Etraftan duyduğum gülüşme sesleri ile uyanmıştım, insanın uyuyan kişiye saygısı olur ama nerede. Yatakta doğrulup etrafta göz gezdirdiğimde önce yanımın boş olduğunu fark ettim daha sonra tüm koğuşun masada toplandığını gördüm. Acıkan karnım kendini belli ettiğinde bende uyuşuk adımlarla masaya doğru yönelmiştim. Chanyeolun yanında boş duran sandalyeye oturdum.

Birden tüm gözler bana dönünce utanıp başımı eğdim. Chanyeol yüzünü bana dönmüştü. "Aç mısın" sorduğu sorudan ters cevap alabilecek olsam da onaylamıştım onu. Adını bilmediğim içki ve biralarla dolu olan masaya baktığımda neredeyse herkesin kafasının güzel olduğunu anlamıştım. Yanımdan kalkıp mutfak bölümünün olduğu kısma gitti.

Chanyeol elinde sandviçle gelip tekrar eski yerine oturmuştu. Önüme ittiği tabakta duran yemeği hevesle yemeye başladım. "Boğulacaksın" onu umursamadım çünkü şu an önemli olan benim aç minik göbeğimdi. 
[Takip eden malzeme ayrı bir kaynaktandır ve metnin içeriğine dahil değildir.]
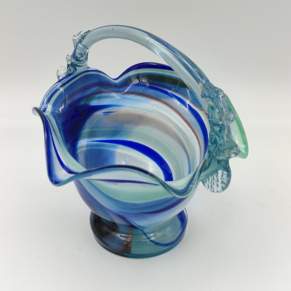Ваза разноцветная в форме корзиночки с волнообразным бортом, стекло, гутная техника, Чехословакия, 1960-1990 гг.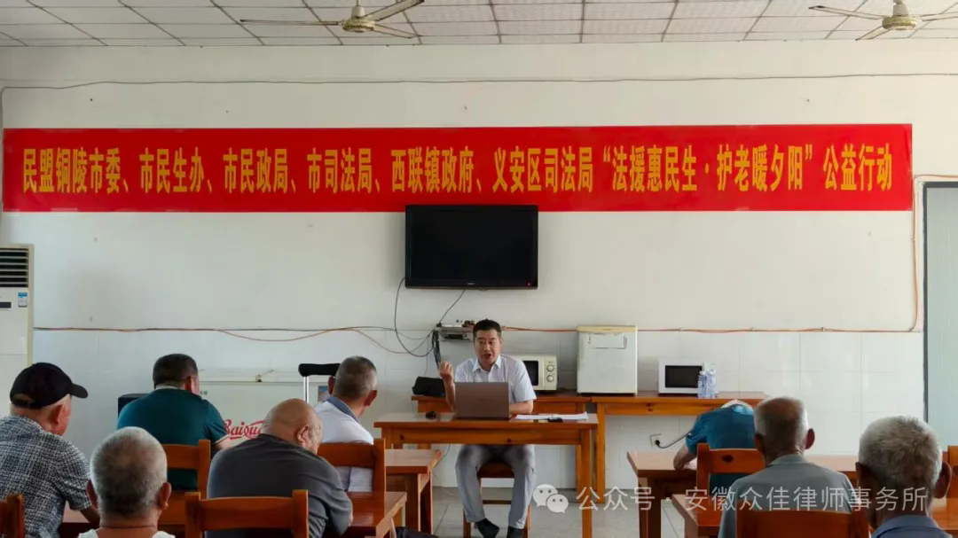 为深入贯彻落实法律援助惠民政策,切实保障老年人合法权益,营造尊老、敬老、爱老、助老的良好社会氛围,安徽众佳律师事务所联合市民生办、市民政局、市司法局、西联镇政府,于2025年8月29日上午在西联镇敬老院开展“法援惠民生·护老暖夕阳”走进乡村法律服务公益行动。此次活动旨在通过多种形式为乡村孤寡老人提供精准、便捷、温暖的法律服务,增强其法律意识和自我保护能力。

Yemeğim bittiğinde masada olan insanlarda gözlerimi gezdirdim. Sanki hiçbirinin bir derdi yokmuş gibi şakalaşıp gülüyorlardı ama haklılardı bir yerde de sonuçta somurt somurt ya da düşün düşün nereye kadar. "İçmek ister misin" Lay karşımda bana bir bira şişesi uzatıyordu, daha önce içmiştim ve tek yudumla bile sapıtıyordum bu yüzden kibarca reddettim.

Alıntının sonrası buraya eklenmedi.